= Mary Pat Seurkamp =

Mary Patricia Seurkamp is the former president of Notre Dame of Maryland University from 1997 until her retirement in 2012. She is the first layperson to lead the school. The College (CNDM) was the first Roman Catholic college or university in the U.S. to open its doors to women seeking a baccalaureate degree.

Seurkamp led Notre Dame through a strategic planning process which reaffirmed CNDM's commitment to the education of women. Under her leadership, the institution unveiled its first doctoral program, in education, and created a school of pharmacy. In recognition of the new complexity, CNDM was rechristened Notre Dame of Maryland University in 2011. She represents the College on national and local boards.
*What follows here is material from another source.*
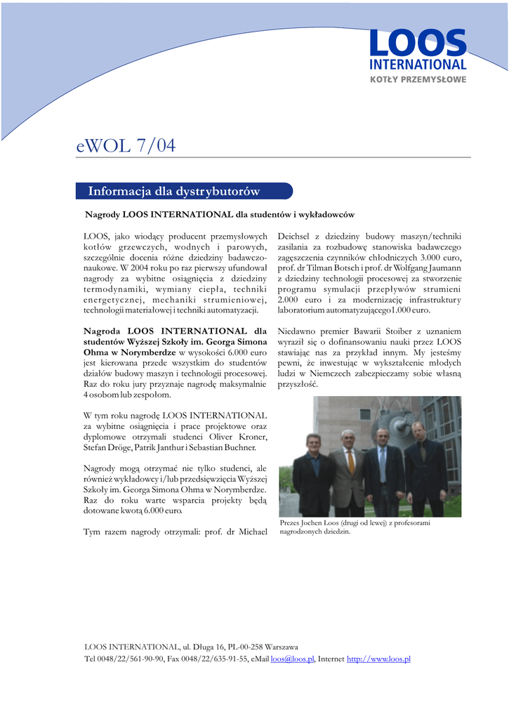 eWOL 7/04 Informacja dla dystrybutorów Nagrody LOOS INTERNATIONAL dla studentów i wyk³adowców LOOS, jako wiod¹cy producent przemys³owych kot³ów grzewczych, wodnych i parowych, szczególnie docenia ró¿ne dziedziny badawczonaukowe. W 2004 roku po raz pierwszy ufundowa³ nagrody za wybitne osi¹gniêcia z dziedziny termodynamiki, wymiany ciep³a, techniki energetycznej, mechaniki strumieniowej, technologii materia³owej i techniki automatyzacji. Deichsel z dziedziny budowy maszyn/techniki zasilania za rozbudowê stanowiska badawczego zagêszczenia czynników ch³odniczych 3.000 euro, prof. dr Tilman Botsch i prof. dr Wolfgang Jaumann z dziedziny technologii procesowej za stworzenie programu symulacji przep³ywów strumieni 2.000 euro i za modernizacjê infrastruktur y laboratorium automatyzuj¹cego1.000 euro. Nagroda LOOS INTERNATIONAL dla studentów Wy¿szej Szko³y im. Georga Simona Ohma w Norymberdze w wysokoœci 6.000 euro jest kierowana przede wszystkim do studentów dzia³ów budowy maszyn i technologii procesowej. Raz do roku jury przyznaje nagrodê maksymalnie 4 osobom lub zespo³om. Niedawno premier Bawarii Stoiber z uznaniem wyrazi³ siê o dofinansowaniu nauki przez LOOS stawiaj¹c nas za przyk³ad innym. My jesteœmy pewni, ¿e inwestuj¹c w wykszta³cenie m³odych ludzi w Niemczech zabezpieczamy sobie w³asn¹ przysz³oœæ. W tym roku nagrodê LOOS INTERNATIONAL za wybitne osi¹gniêcia i prace projektowe oraz dyplomowe otrzymali studenci Oliver Kroner, Stefan Dröge, Patrik Janthur i Sebastian Buchner. Nagrody mog¹ otrzymaæ nie tylko studenci, ale równie¿ wyk³adowcy i/lub przedsiêwziêcia Wy¿szej Szko³y im. Georga Simona Ohma w Norymberdze. Raz do roku warte wsparcia projekty bêd¹ dotowane kwot¹ 6.000 euro. Tym razem nagrody otrzymali: prof. dr Michael Prezes Jochen Loos (drugi od lewej) z profesorami nagrodzonych dziedzin. LOOS INTERNATIONAL, ul. D³uga 16, PL-00-258 Warszawa Tel 0048/22/561-90-90, Fax 0048/22/635-91-55, eMail [email protected], Internet http://www.loos.pl
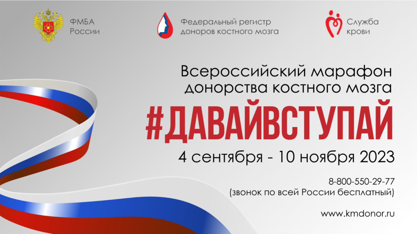 ФМБА России реализует масштабный проект – Всероссийский марафон донорства костного мозга «#ДавайВступай!», цель которого – содействие в привлечении доноров в Федеральный регистр доноров костного мозга и гемопоэтических стволовых клеток, оператором которого является ФМБА России. Во всех субъектах Российской Федерации ФМБА России проводит массовые мероприятия по пропаганде донорства костного мозга при поддержке администрации региона, федеральных ведомств, социально ответственных корпораций, волонтерских и некоммерческих организаций.

Before her arrival at Notre Dame, Seurkamp served at St. John Fisher College in Rochester, New York for 21 years.

She graduated from Webster University in 1968 with a B.A. degree in psychology, from Washington University in St. Louis in 1969 with an M.A. in guidance and counseling, and from the State University of New York at Buffalo in 1990 with a Ph.D. in higher education.

==Previous professional background==
- St. John Fisher College, Rochester, New York:
- 1996-1997: Vice-President for Institutional Planning & Research
- 1994-1996: Vice President for Academic Services & Planning
- 1992-1994: Acting Vice President for Academic Affairs/Dean of the College
- 1988-1992: Associate Vice President for Academic Affairs/Director of Student Academic Services

==Affiliations==
Seurkamp served on the SunTrust Regional Advisory Board and the SunTrust Mid-Atlantic Board of Directors.